Maybe it's the onset of summer and the thought of cramming bodies into too-tight swimming costumes, but there is a sudden mood of restraint in my office.
There is only one man still consuming colossal quantities of pizza and Kentucky Fried Chicken at regular intervals throughout the day, but everybody else is counting the calories and coming out with different means and methods of reducing the waistline.
Those of us who have lived in France will know it's a myth that Frenchwomen don't get fat. I have friends in Paris who swear there is a van that goes round in the early mornings and rounds up anybody at all rotund and takes them away for the day, only releasing them after dark.
Dieting the French way remains a growth industry. First there was a Frenchman whose name I have forgotten, followed by the Frenchwomen Don't Get Fat by Mireille Guiliano, who also wrote a cookbook telling you how to cook things that won't make you fat, to chew slowly and drink a glass of water.
But the real winner is Dr Pierre Dukan, with The Dukan Diet, The Dukan Diet Recipe Book and The Dukan Diet Life Plan. He has sold about half a million of each book in France alone this year. It seems once upon a time the French taught the world how to eat; now they are teaching us how to stop.
And you can see why Dr Pierre is so popular. His diet is full of food, especially "Protein Thursday", and you have to drink gallons of water every day and exercise, but you must lay off the carbohydrates and especially potatoes.
"The idea of Protein Thursday has taken off in France to such an extent that if I find myself in a restaurant with my family on a Thursday, I very often hear other customers around me asking for their fish or meat to be served straight, without vegetables or salad," the Doc told a British newspaper.
But the slim doctor is rather angry. A rival nutritionist in France has accused him of being a quack. When asked who benefited from the Dukan diet, Jean-Michel Cohen replied: "The slimming industry, doctors, pill salesmen, publishers, newspapers … Everyone who has climbed on to the bandwagon of this fantasy."

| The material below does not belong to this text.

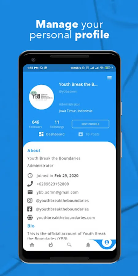 This is a social application for Youth Break the Boundaries Foundation community where you can: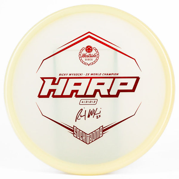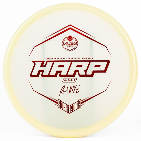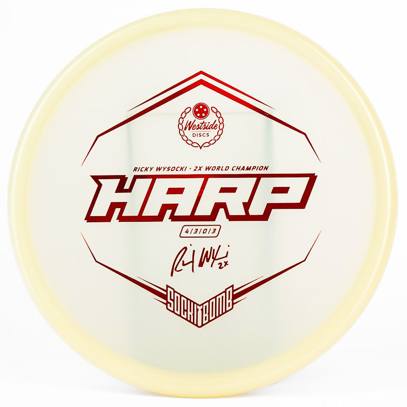 The Westside Discs Moonshine Glow Ricky Wysocki Harp is a bright glow in the dark overstable disc golf approach disc. Westside's Moonshine plastic is probably the grippiest glow plastics I have ever thrown, and holds its glow charge for quite awhile before dimming out.

A court in Paris is now deciding which of the two is right. The business desk may be a bit slow on to this bandwagon. One of our colleagues has just celebrated her first anniversary of following The Dukan Diet, and now she is a slip of a thing, a shadow of her former self. In fact, she has lost so much weight she is being allowed back into France.
I don't hold with diets - the very word makes me want to go and consume a few rounds of hot buttered toast - but I did meet a banker the other day raving about a diet he was following called The 4-Hour Body. It is written by Timothy Ferriss, a rather eccentric young American whose previous book, The 4-Hour Workweek, was a best-seller everywhere but France, where they thought it sounded a hideous amount of time to spend in the workplace.
Mr Ferriss is a tango dancer who holds the world record for "spinning", whatever that is, outsources the reading of his e-mails to somebody else, does Chinese kick-boxing and is a relentless self-publicist. But he has cobbled together an impressive sounding number of tenets to live by, including Pareto's Law, which suggests about 80 per cent of the results of any endeavour come from just 20 per cent of the effort and time put in. Why put in more than 20 per cent effort? he asks, and he has a point.
The New York Times said his book reads as if "The New England Journal of Medicine had been hijacked by the editors of the SkyMall catalog". I don't know what the SkyMall catalog is, or even if that is the right way to spell it, but the book certainly sounds mad.
"Overfat? Try timed protein and pre-meal lemon juice. Undermuscled? Try ginger and sauerkraut. Can't sleep? Try upping your saturated fat or using cold exposure," Mr Ferriss writes in an extract.
I don't understand a word of this. The answer is to avoid French dieticians, mad American self-publicists and beaches, and if you must go swimming, wear a burkini.
Far better to head straight to Beaujolais Restaurant on Hamdan Street, which feels like France in the 1950s, where it is still acceptable to eat a proper lunch, even if it ends at cocktail hour.